StanfordLegion / legion

The Legion Parallel Programming System
https://legion.stanford.edu
Apache License 2.0
675 stars 145 forks source link

Realm: Kokkos Processors #645

Closed lightsighter closed 4 years ago

lightsighter commented 4 years ago

It's become clear recently that we need explicit Kokkos processors for the FleCSI level one milestone next year as the majority of the GPU code for FleCSI is going to be written using Kokkos. This significantly deprioritizes #570 as VPSC is not going to be used for the FleCSI level one milestone.

streichler commented 4 years ago

We definitely need to do something here. However, I'm beginning to lean away from having so many processor types. It leads to trouble when an application mixes different programming models for its leaf asks. For example, an app with both native OpenMP and Kokkos leaf tasks would be forced to decide up front which CPU cores do OpenMP work and which do Kokkos work, when really the same cores could do either (just not at the same precise moment in time).

lightsighter commented 4 years ago

I agree with you. I would prefer that Kokkos run unmodified on top of our existing OpenMP and GPU processors. If it were a proper header-only library like Thrust or Agency then it wouldn't have any problems. Mainly we just need to use this issue to make sure that Kokkos works and doesn't trip over itself like it has been with the restrictions that we enforce upon it.

streichler commented 4 years ago

The kokkos branch (https://gitlab.com/StanfordLegion/legion/tree/kokkos) has the beginnings of support for this. I made an attempt at writing idiomatic Kokkos code here: https://gitlab.com/StanfordLegion/legion/blob/kokkos/examples/kokkos_saxpy/kokkos_saxpy.cc

and have successfully built and run it with Kokkos' Serial, OpenMP, and Cuda devices.

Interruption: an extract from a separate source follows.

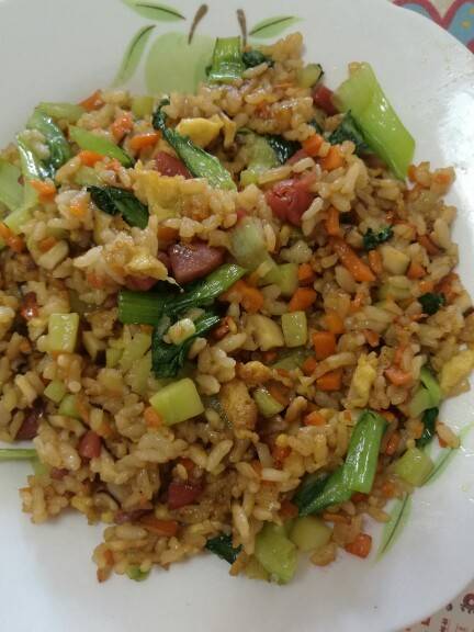 这是我超级省事的保留菜谱,#超级什锦蛋炒饭#。猜猜有几种原料。鸡蛋,香菇,胡萝卜,黄瓜,小油菜,香肠。主食是昨天的米饭,方法同蛋炒饭,其中胡萝卜,香肠要先油煸会。充分把胡萝卜素煸出来。最后再放入黄瓜,油菜。10分钟就可以搞定的午饭

To get a little confidence that this matches the way real people use Kokkos, I've rigged this example to use the BLAS routines from kokkos-kernels if you build with KOKKOS_KERNELS set to that package's installation location.

The build only works with the Makefile flow so far (no cmake yet), and requires the app's Makefile to set USE_KOKKOS=1 and KOKKOS_DIR to the Kokkos install directory (no support for building Kokkos as part of Legion). There are a number of limitations with the current version:

All that said, I think this is far enough along that if folks want to try building Kokkos-using apps against this, it's worth giving it a go. Now is also the time for folks to look things over and make comments/suggestions about how the interop looks.

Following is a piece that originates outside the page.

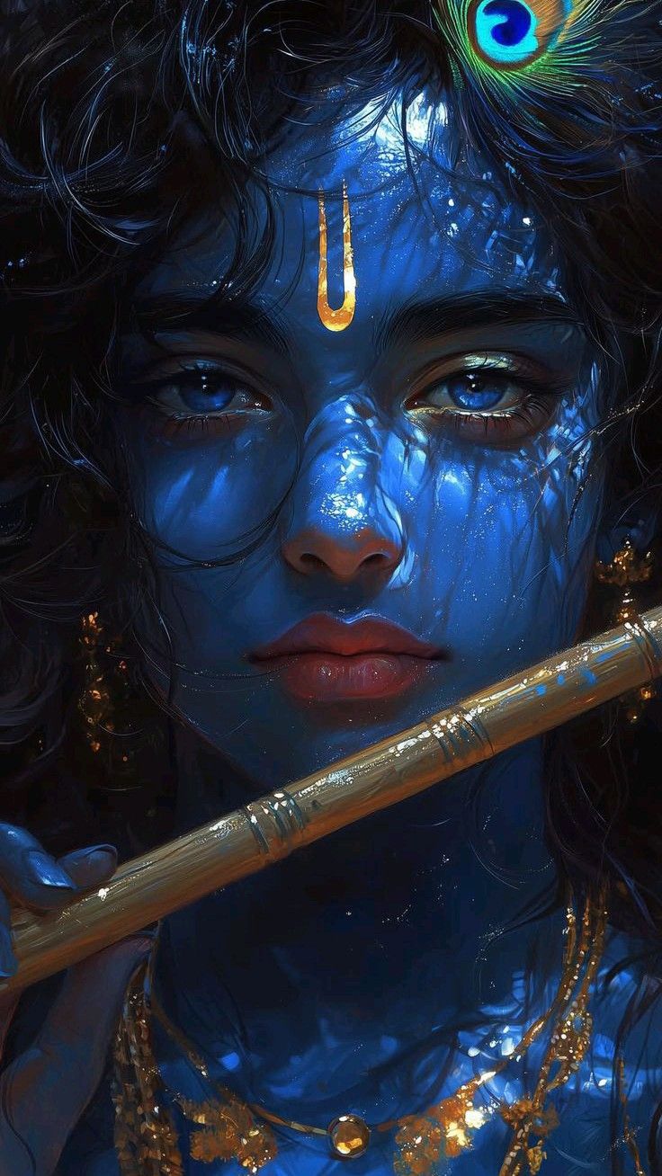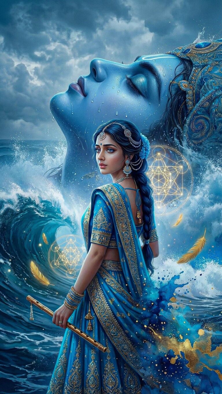 This breathtaking artwork captures the eternal, celestial presence of Lord Krishna in a moment of sublime harmony and divine love. Bathed in a dreamlike aura of deep blues and golden light, Krishna appears as the embodiment of compassion, grace, and cosmic serenity. His radiant blue skin glows softly, symbolizing infinity, divinity, and the boundless depth of the universe itself. Adorned with an exquisite crown of flowers and the sacred peacock feather, he reflects natureโs beauty united with divine elegance. Every detail โ from the intricate jewelry to the delicate floral garlands โ enhances the sacred atmosphere surrounding him.

lightsighter commented 4 years ago

What parts of OpenMP are not supported by Realm that Kokkos needs?

Also @ipdemes and @gshipman told me that they don't plan to use Kokkos external views with FleCSI, but instead pass in their own iterator types from FleCSI. They have tested this and apparently it works, but you will have to ask them for more details.

ipdemes commented 4 years ago

@streichler : should I use https://gitlab.com/StanfordLegion/legion/tree/kokkos branch for our further work with Kokkos? @lightsighter : Yes, we don't use Kokkos::Views in FleCSI and pass our own iterator types that were adapted for Kokkos.

streichler commented 4 years ago

@ipdemes yes, please give it a try and let me know how it goes... if you need these changes applied on top of some other branch (e.g. control_replication), that can be arranged

regarding flecsi's custom iterators, do you construct those directly from legion accessors, or convert the legion accessors to raw pointers and then into flecsi iterators?

lightsighter commented 4 years ago

Also, @ipdemes do custom iterators work on GPUs too?

ipdemes commented 4 years ago

@streichler : Yes, we need this to be applied to the Control-replication branch before I can try this.

regarding flecsi's custom iterators, do you construct those directly from legion accessors, or convert the legion accessors to raw pointers and then into flecsi iterators?

We get a raw pointer from legion and use it in our custom iterators.

@lightsighter : yes, we made them work for GPU as well. At least a simple unit test that uses them on GPU pass. I am working on making the test more complex

streichler commented 4 years ago

@ipdemes I've rebased the kokkos branch to sit on top of control_replication. I'll back-port things as needed to master later.

streichler commented 4 years ago

Status update: We're able to build against the latest Kokkos develop branch with any combination of OpenMP and CUDA support. Remaining work before it can be merged into master is to do a cleanup pass of the build flow. (Kokkos has completely changed their makefile-based flow, and the cmake flow has probably more warts than it needs.)

ipdemes commented 4 years ago

@streichler : thank you for an update.

streichler commented 4 years ago

Kokkos support has been merged into the master branch with commit 61cf62e. Note that it is only available through the cmake build, as Kokkos no longer supports building against an installed version via a Makefile.